__Work instruction__: Make an exact copy, from the records below, of the lines from the line containing "敢えて簡易的な付属品は付けず" to the line containing "宅配ボックスの合計個数:(4", both lines included, excluding pictures.

__Material supplied__:
= = = = = = =

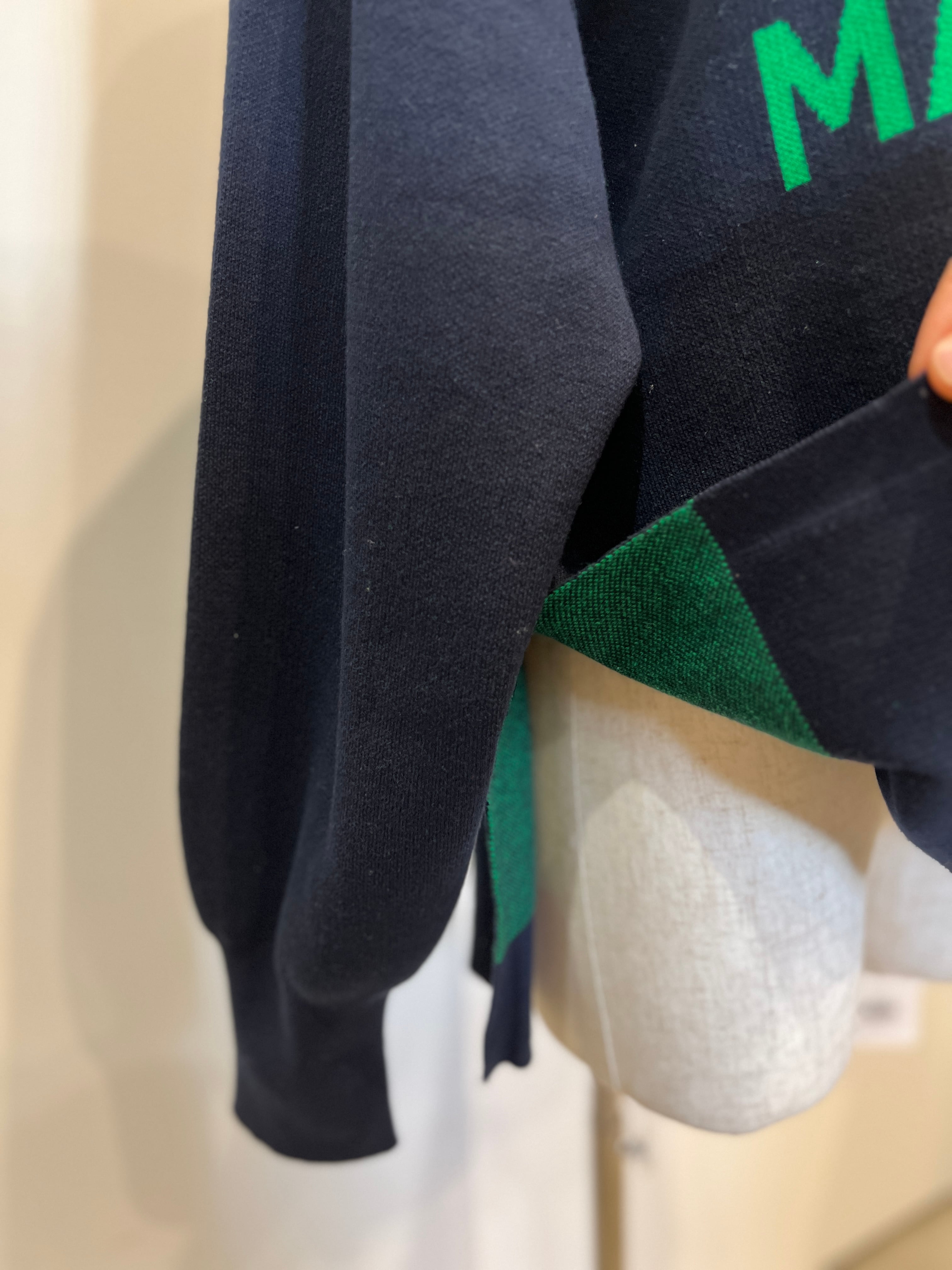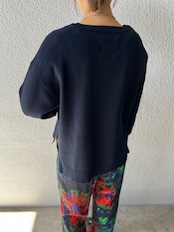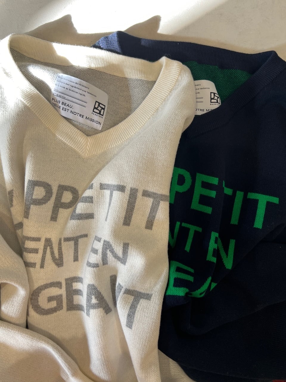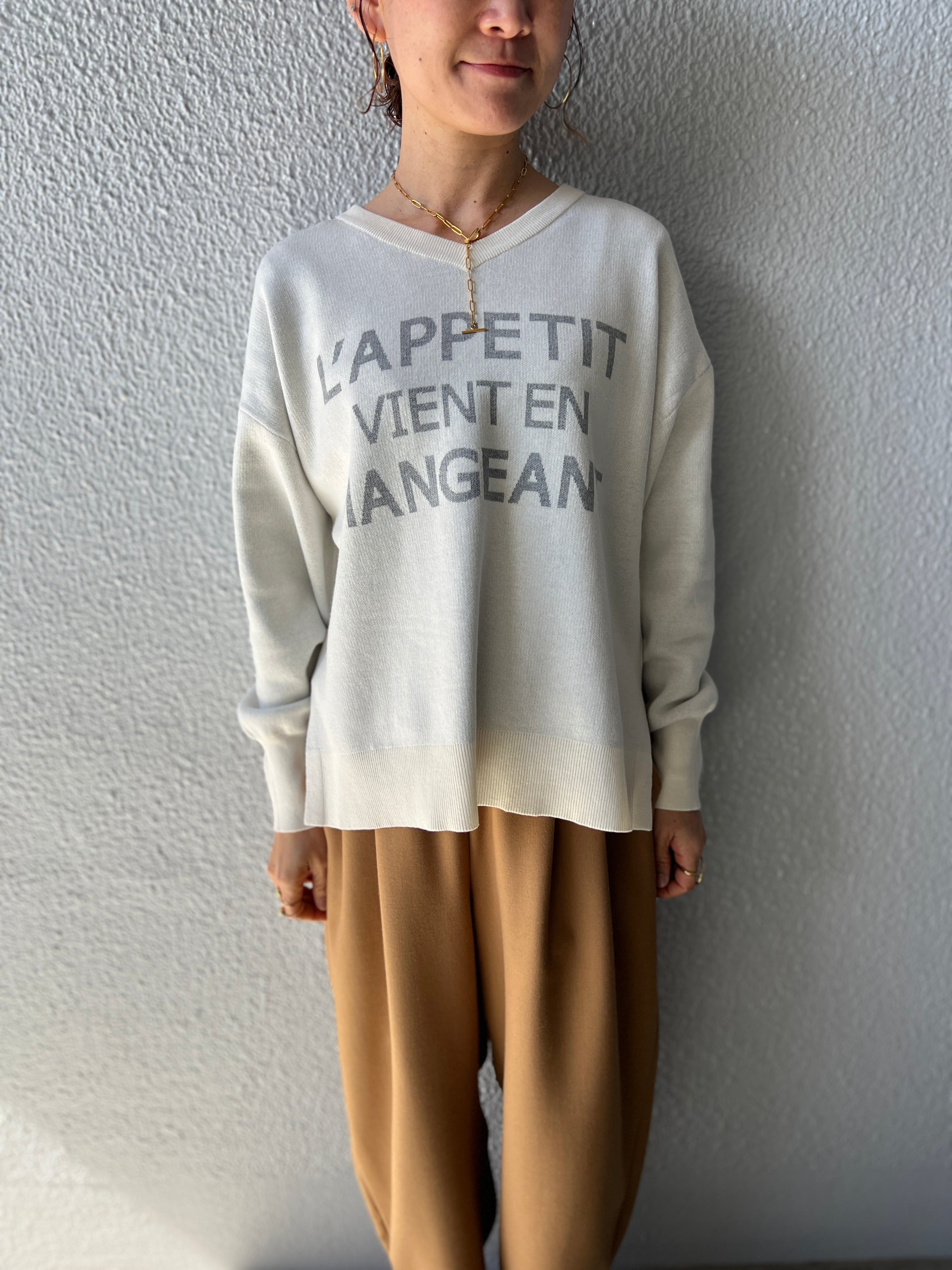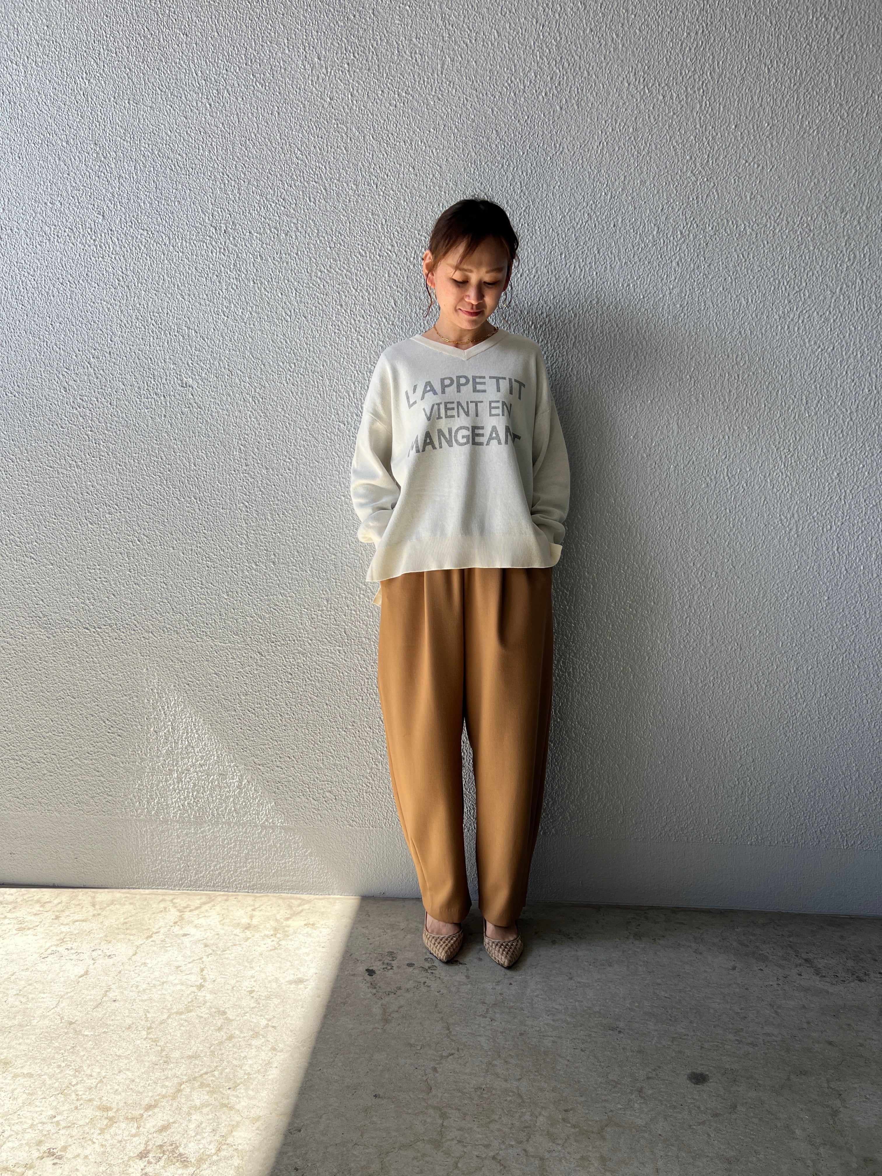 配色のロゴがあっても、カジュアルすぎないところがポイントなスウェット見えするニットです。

= = = = = = =

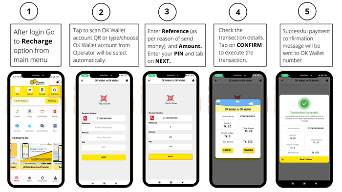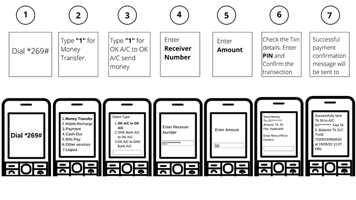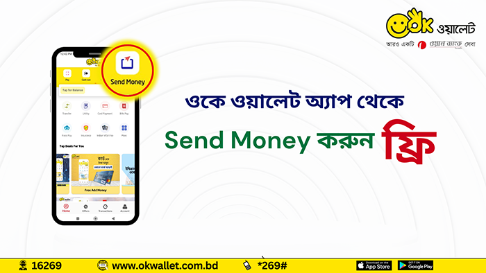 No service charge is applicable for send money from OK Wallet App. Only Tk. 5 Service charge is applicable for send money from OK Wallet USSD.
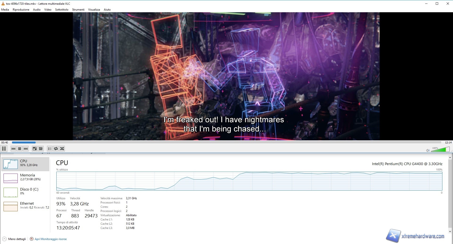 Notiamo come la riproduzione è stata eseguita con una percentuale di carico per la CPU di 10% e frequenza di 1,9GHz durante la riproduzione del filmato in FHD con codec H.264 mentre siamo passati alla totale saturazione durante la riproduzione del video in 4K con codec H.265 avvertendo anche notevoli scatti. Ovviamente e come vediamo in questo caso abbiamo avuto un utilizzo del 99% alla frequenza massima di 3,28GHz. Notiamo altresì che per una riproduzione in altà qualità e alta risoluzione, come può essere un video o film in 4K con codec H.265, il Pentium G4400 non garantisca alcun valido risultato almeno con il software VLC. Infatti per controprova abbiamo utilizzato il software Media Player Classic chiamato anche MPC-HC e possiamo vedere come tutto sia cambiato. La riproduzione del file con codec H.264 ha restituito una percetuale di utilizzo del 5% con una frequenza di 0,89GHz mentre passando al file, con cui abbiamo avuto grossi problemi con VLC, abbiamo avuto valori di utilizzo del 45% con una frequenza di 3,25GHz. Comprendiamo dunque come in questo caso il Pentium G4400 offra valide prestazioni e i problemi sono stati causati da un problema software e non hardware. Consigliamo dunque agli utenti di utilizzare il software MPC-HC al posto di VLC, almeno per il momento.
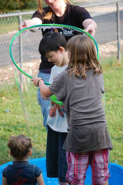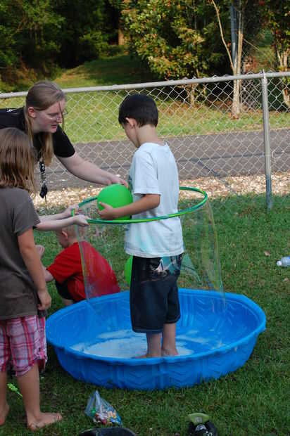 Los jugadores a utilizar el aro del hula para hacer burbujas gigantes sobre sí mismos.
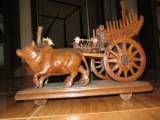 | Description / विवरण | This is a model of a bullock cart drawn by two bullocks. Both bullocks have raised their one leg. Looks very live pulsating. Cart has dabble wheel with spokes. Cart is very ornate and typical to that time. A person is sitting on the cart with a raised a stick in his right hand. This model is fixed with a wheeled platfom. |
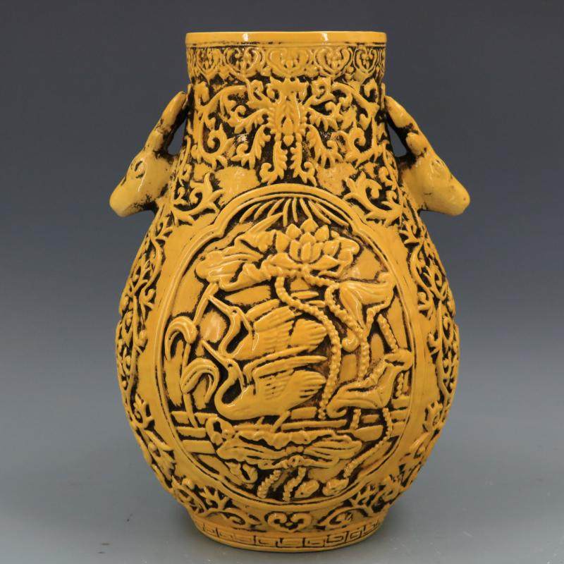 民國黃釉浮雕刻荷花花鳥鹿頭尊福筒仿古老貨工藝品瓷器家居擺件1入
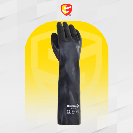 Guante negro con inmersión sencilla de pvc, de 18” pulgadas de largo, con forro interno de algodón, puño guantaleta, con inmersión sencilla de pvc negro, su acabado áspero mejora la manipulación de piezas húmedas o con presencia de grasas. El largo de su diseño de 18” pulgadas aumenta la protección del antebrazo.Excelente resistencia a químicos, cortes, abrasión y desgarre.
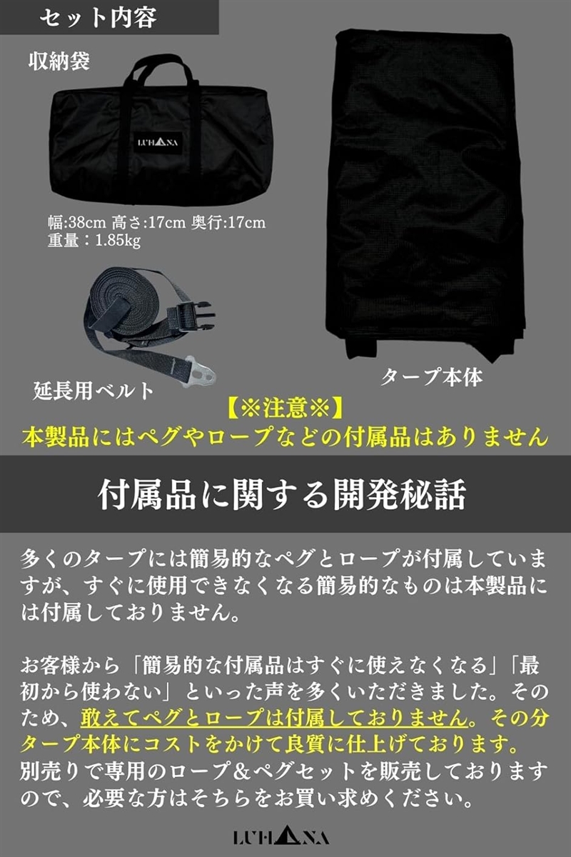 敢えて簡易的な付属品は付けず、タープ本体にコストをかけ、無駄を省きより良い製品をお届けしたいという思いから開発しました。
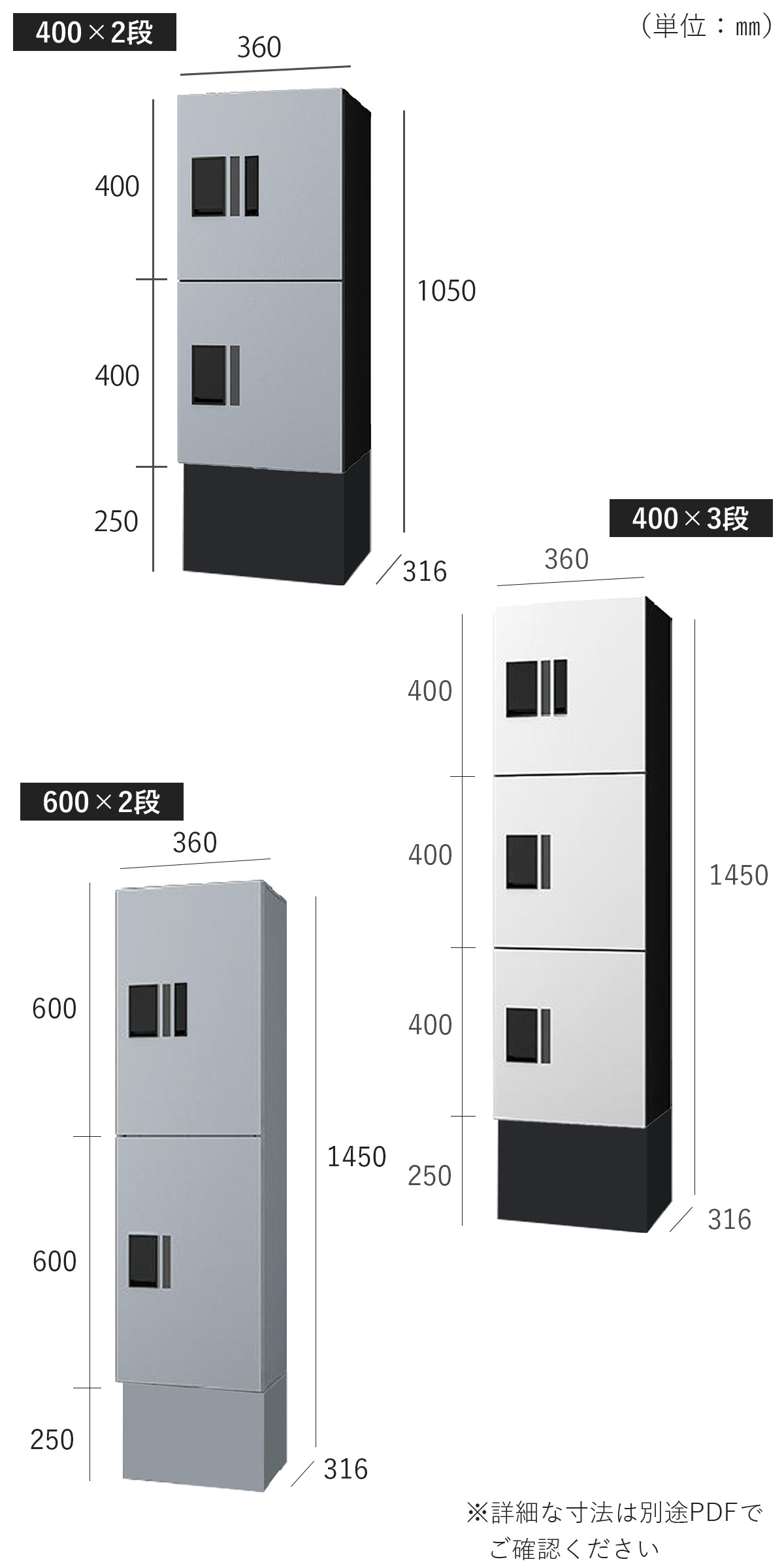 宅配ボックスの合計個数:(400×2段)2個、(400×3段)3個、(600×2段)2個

= = = = = = =

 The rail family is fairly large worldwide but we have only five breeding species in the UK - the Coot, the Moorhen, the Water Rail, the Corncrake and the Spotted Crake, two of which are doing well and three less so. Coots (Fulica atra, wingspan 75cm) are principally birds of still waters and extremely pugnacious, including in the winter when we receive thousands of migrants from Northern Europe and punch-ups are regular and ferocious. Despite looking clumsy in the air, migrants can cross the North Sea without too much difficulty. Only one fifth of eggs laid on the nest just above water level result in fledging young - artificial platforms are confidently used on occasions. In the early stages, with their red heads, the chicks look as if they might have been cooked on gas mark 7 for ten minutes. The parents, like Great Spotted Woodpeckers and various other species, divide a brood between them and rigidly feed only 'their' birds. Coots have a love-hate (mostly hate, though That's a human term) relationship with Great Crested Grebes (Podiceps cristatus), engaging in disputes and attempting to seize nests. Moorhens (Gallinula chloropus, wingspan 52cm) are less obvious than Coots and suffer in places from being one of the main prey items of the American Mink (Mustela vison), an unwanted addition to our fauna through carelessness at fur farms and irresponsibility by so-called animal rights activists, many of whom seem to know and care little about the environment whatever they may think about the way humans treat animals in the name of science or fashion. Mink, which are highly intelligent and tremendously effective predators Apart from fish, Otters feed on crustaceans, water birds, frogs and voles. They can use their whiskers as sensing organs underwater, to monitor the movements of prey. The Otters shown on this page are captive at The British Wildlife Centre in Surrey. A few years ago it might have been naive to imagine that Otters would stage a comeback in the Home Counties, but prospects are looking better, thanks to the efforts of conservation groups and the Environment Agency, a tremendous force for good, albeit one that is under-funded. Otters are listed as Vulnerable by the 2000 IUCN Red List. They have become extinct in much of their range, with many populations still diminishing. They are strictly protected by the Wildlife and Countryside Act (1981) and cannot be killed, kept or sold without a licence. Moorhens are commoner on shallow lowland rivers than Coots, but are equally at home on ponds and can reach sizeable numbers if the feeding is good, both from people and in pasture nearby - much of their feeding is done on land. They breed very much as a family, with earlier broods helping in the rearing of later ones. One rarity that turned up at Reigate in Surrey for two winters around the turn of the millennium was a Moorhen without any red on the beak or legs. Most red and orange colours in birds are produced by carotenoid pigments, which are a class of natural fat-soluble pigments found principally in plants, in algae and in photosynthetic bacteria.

= = = = = = =

__Exercise result__:
 敢えて簡易的な付属品は付けず、タープ本体にコストをかけ、無駄を省きより良い製品をお届けしたいという思いから開発しました。
 宅配ボックスの合計個数:(400×2段)2個、(400×3段)3個、(600×2段)2個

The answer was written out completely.